__How to complete this task__
Repeat all the data exactly, and where a record holds a picture, leave that picture out.

[Extracted data entries]
***

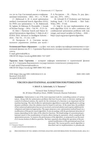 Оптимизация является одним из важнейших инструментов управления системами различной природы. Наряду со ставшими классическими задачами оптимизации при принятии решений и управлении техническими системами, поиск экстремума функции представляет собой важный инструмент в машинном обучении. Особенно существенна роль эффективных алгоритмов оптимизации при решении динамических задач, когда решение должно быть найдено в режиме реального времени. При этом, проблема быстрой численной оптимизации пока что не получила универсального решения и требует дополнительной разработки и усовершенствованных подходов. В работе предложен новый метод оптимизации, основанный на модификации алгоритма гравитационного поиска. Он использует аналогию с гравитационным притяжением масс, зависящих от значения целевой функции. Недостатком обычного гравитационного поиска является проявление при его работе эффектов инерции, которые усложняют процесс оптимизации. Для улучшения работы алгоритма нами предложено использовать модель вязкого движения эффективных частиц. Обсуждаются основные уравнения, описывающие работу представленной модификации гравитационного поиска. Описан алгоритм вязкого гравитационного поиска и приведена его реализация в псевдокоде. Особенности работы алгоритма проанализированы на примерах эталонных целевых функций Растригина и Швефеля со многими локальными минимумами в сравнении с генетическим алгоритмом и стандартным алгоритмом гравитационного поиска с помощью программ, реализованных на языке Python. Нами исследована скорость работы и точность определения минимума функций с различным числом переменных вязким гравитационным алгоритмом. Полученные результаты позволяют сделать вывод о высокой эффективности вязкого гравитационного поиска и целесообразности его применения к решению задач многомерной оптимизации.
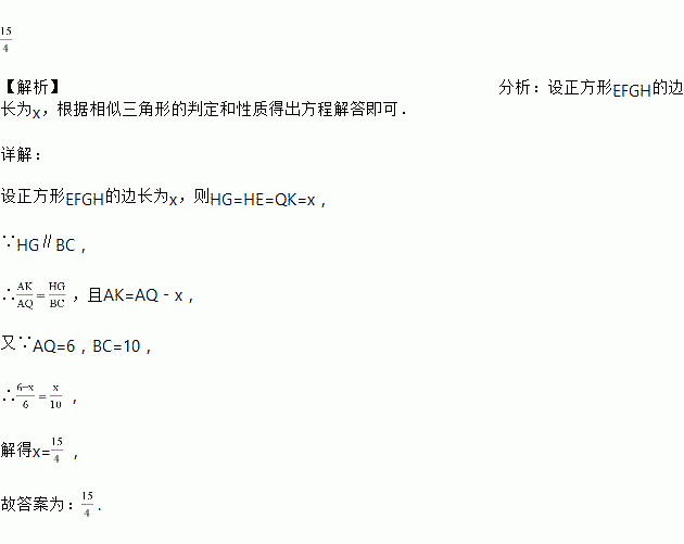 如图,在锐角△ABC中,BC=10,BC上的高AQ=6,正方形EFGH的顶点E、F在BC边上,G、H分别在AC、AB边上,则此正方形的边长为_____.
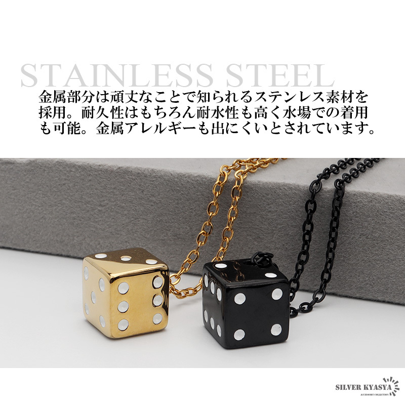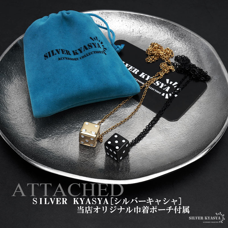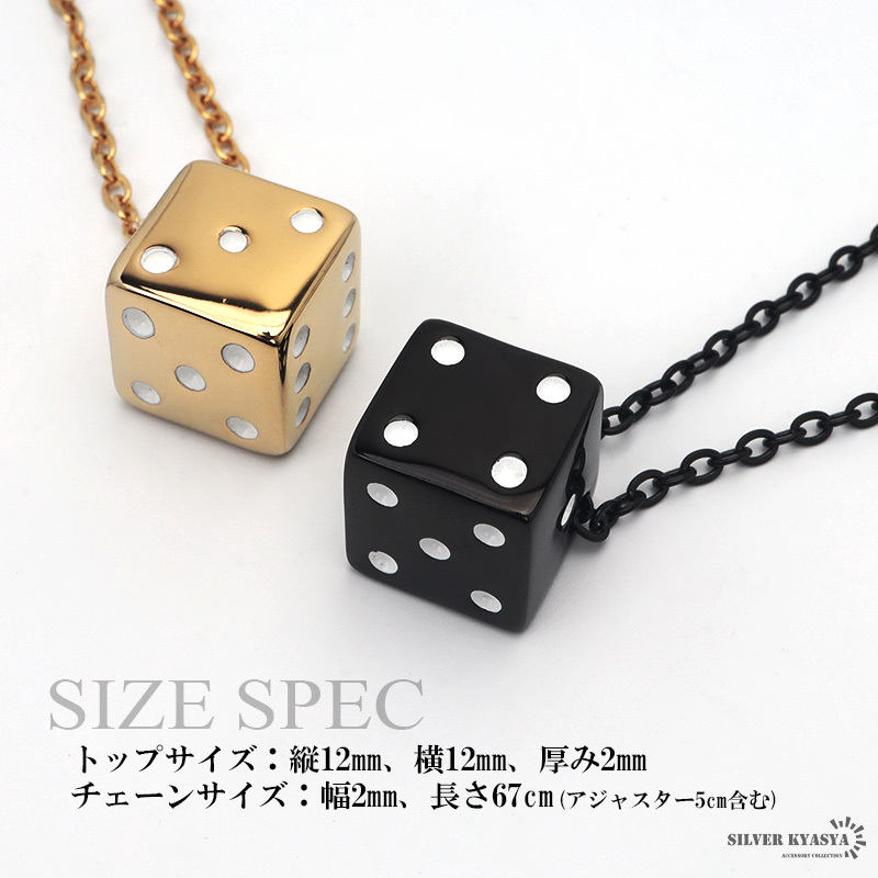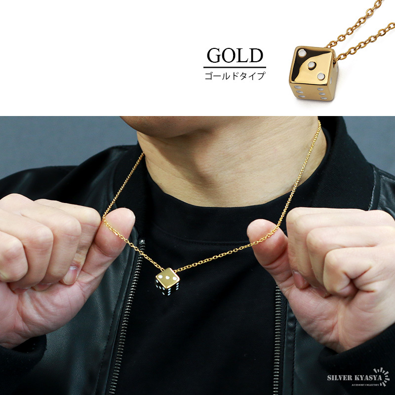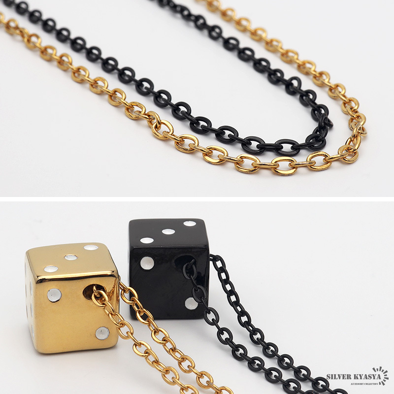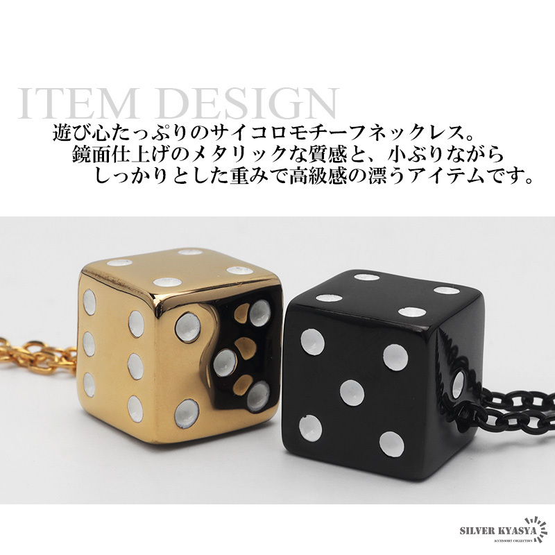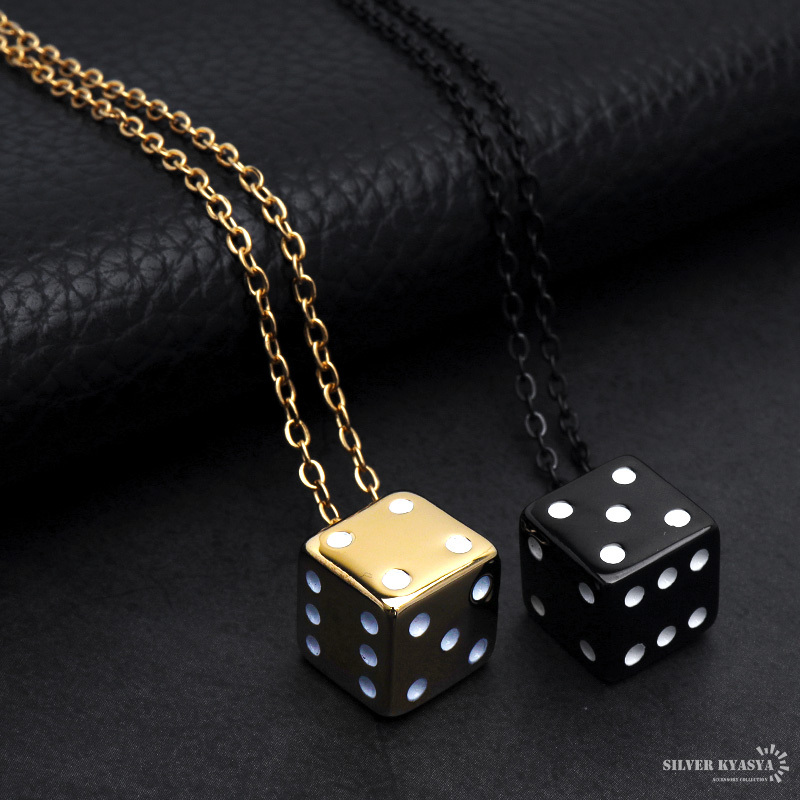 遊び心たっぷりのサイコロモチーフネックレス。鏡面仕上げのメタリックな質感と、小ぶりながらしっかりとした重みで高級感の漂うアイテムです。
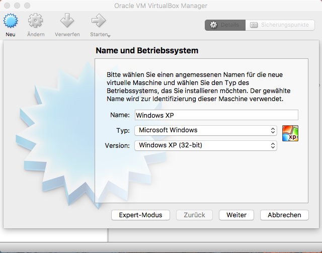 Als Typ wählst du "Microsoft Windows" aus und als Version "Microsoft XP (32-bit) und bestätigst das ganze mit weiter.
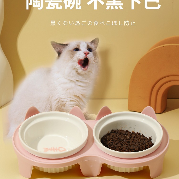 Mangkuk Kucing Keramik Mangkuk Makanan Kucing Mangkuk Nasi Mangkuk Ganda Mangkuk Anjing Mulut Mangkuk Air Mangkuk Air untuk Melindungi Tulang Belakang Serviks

***

__Worked solution__
 Оптимизация является одним из важнейших инструментов управления системами различной природы. Наряду со ставшими классическими задачами оптимизации при принятии решений и управлении техническими системами, поиск экстремума функции представляет собой важный инструмент в машинном обучении. Особенно существенна роль эффективных алгоритмов оптимизации при решении динамических задач, когда решение должно быть найдено в режиме реального времени. При этом, проблема быстрой численной оптимизации пока что не получила универсального решения и требует дополнительной разработки и усовершенствованных подходов. В работе предложен новый метод оптимизации, основанный на модификации алгоритма гравитационного поиска. Он использует аналогию с гравитационным притяжением масс, зависящих от значения целевой функции. Недостатком обычного гравитационного поиска является проявление при его работе эффектов инерции, которые усложняют процесс оптимизации. Для улучшения работы алгоритма нами предложено использовать модель вязкого движения эффективных частиц. Обсуждаются основные уравнения, описывающие работу представленной модификации гравитационного поиска. Описан алгоритм вязкого гравитационного поиска и приведена его реализация в псевдокоде. Особенности работы алгоритма проанализированы на примерах эталонных целевых функций Растригина и Швефеля со многими локальными минимумами в сравнении с генетическим алгоритмом и стандартным алгоритмом гравитационного поиска с помощью программ, реализованных на языке Python. Нами исследована скорость работы и точность определения минимума функций с различным числом переменных вязким гравитационным алгоритмом. Полученные результаты позволяют сделать вывод о высокой эффективности вязкого гравитационного поиска и целесообразности его применения к решению задач многомерной оптимизации.
 如图,在锐角△ABC中,BC=10,BC上的高AQ=6,正方形EFGH的顶点E、F在BC边上,G、H分别在AC、AB边上,则此正方形的边长为_____.
 遊び心たっぷりのサイコロモチーフネックレス。鏡面仕上げのメタリックな質感と、小ぶりながらしっかりとした重みで高級感の漂うアイテムです。
 Als Typ wählst du "Microsoft Windows" aus und als Version "Microsoft XP (32-bit) und bestätigst das ganze mit weiter.
 Mangkuk Kucing Keramik Mangkuk Makanan Kucing Mangkuk Nasi Mangkuk Ganda Mangkuk Anjing Mulut Mangkuk Air Mangkuk Air untuk Melindungi Tulang Belakang Serviks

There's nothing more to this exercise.